Strain rate dependence of 3D printed continuous fiber reinforced composites

Abstract

Fused Deposition Modeling (FDM), one of the most popular additive manufacturing technologies in polymer 3D printing, has been increasingly used in fabricating continuous fiber reinforced composites (CFRCs) in recent years. Intensive research has been conducted on the quasi-static mechanical properties of FDM made CFRCs and the corresponding failure mechanisms. However, limited research has been reported on the dynamic mechanical behavior of CFRCs fabricated using FDM. This paper presents a comprehensive experimental study to understand the deformation and load carrying capacity of FDM-fabricated continuous fiber reinforced Onyx (CFRO), with a focus on the dynamic tensile loadings up to strain rate of 100/s.
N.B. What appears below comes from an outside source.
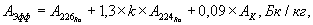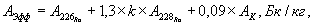 АЭФФ = ARa + 1,3 x ATh + 0,09 x АК, Бк/кг,

The deformation and failure mechanisms of FDM-fabricated CFROs under dynamic loadings have been identified after microstructural analyses of fractured specimens. The effects of fiber type, fiber volume fraction, and strain rate on the tensile behavior have been revealed for Onyx reinforced by carbon fiber filaments (CFF), glass fiber filaments (GFF), and Kevlar fiber filaments (KFF). Empirical formulas have also been derived to describe the relationships between the elastic modulus, ultimate tensile strength (UTS) and fiber volume fraction. The results demonstrate that increasing the strain rate from 6.7 × 10−4/s to 100/s substantially enhances the UTS of all three types of printed CFRO.